***** Supplied information

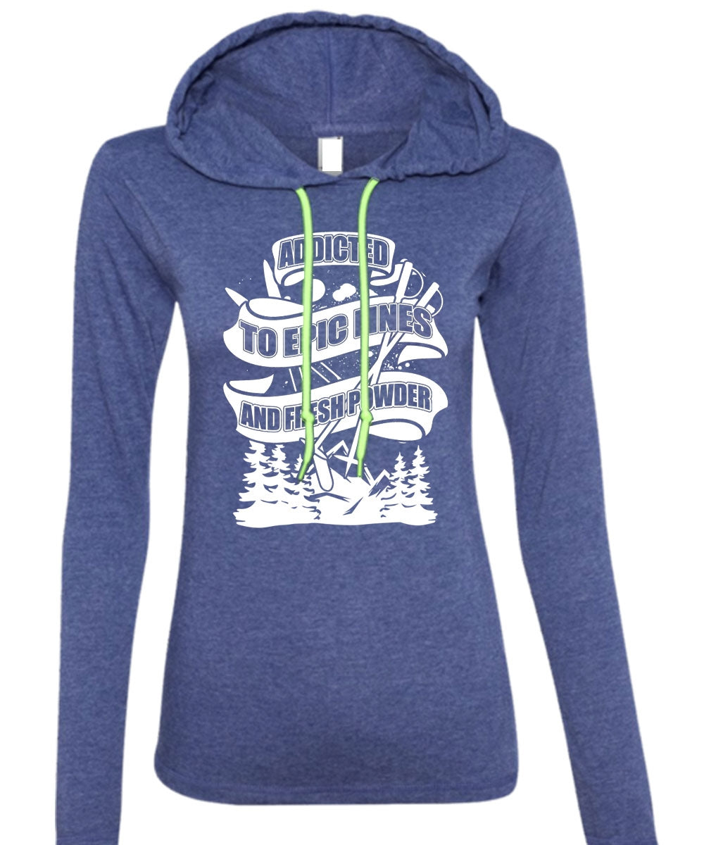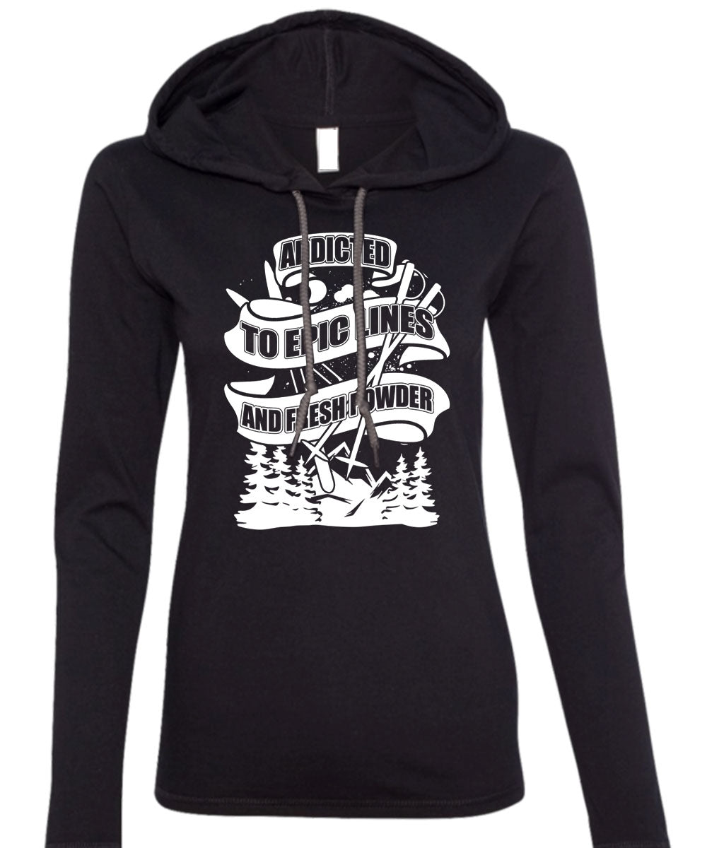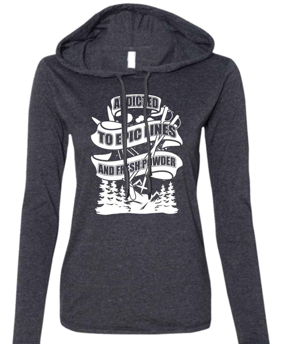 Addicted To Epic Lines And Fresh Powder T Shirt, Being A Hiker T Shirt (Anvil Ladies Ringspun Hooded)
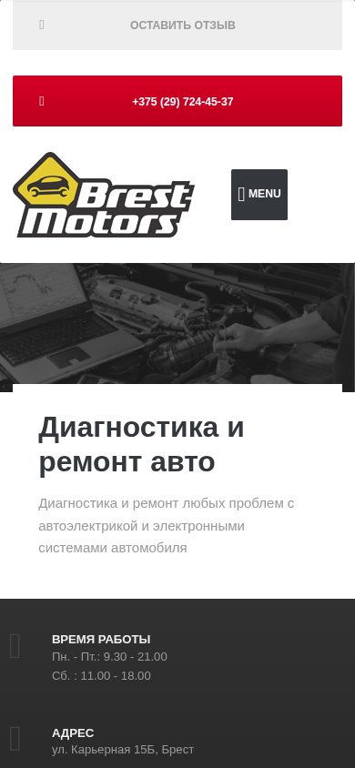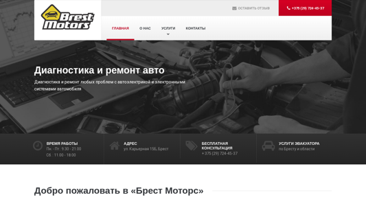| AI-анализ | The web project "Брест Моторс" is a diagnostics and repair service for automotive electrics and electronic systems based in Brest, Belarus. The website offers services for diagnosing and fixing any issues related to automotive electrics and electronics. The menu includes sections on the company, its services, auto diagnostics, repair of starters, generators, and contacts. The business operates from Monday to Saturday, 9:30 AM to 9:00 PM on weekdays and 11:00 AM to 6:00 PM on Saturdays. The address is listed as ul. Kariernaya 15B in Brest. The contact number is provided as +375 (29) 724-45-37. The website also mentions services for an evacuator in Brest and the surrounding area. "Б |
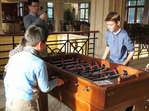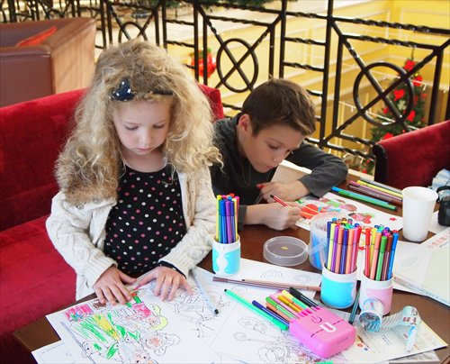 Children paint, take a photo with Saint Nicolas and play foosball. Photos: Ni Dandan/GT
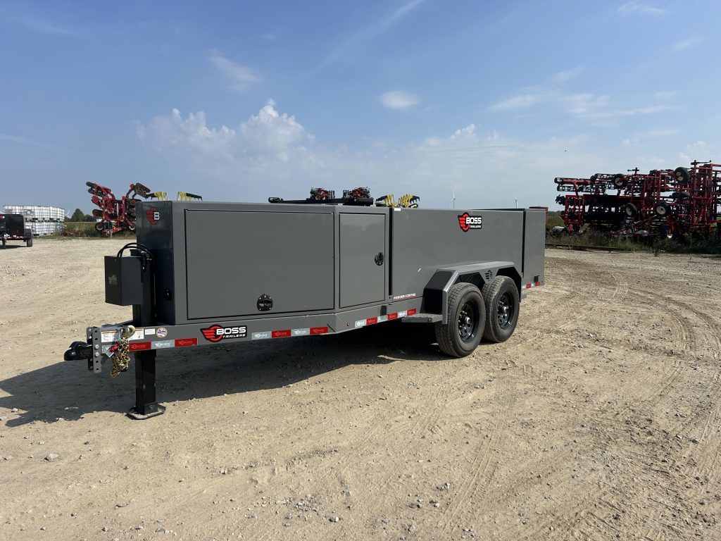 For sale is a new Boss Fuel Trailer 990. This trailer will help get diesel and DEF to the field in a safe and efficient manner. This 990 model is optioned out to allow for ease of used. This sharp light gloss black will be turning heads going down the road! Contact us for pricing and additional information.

**********

## Your instructions
Every line above is to be repeated exactly, but no picture is to appear in the copy.

## Solution below
 Addicted To Epic Lines And Fresh Powder T Shirt, Being A Hiker T Shirt (Anvil Ladies Ringspun Hooded)
| AI-анализ | The web project "Брест Моторс" is a diagnostics and repair service for automotive electrics and electronic systems based in Brest, Belarus. The website offers services for diagnosing and fixing any issues related to automotive electrics and electronics. The menu includes sections on the company, its services, auto diagnostics, repair of starters, generators, and contacts. The business operates from Monday to Saturday, 9:30 AM to 9:00 PM on weekdays and 11:00 AM to 6:00 PM on Saturdays. The address is listed as ul. Kariernaya 15B in Brest. The contact number is provided as +375 (29) 724-45-37. The website also mentions services for an evacuator in Brest and the surrounding area. "Б |
 Children paint, take a photo with Saint Nicolas and play foosball. Photos: Ni Dandan/GT
 For sale is a new Boss Fuel Trailer 990. This trailer will help get diesel and DEF to the field in a safe and efficient manner. This 990 model is optioned out to allow for ease of used. This sharp light gloss black will be turning heads going down the road! Contact us for pricing and additional information.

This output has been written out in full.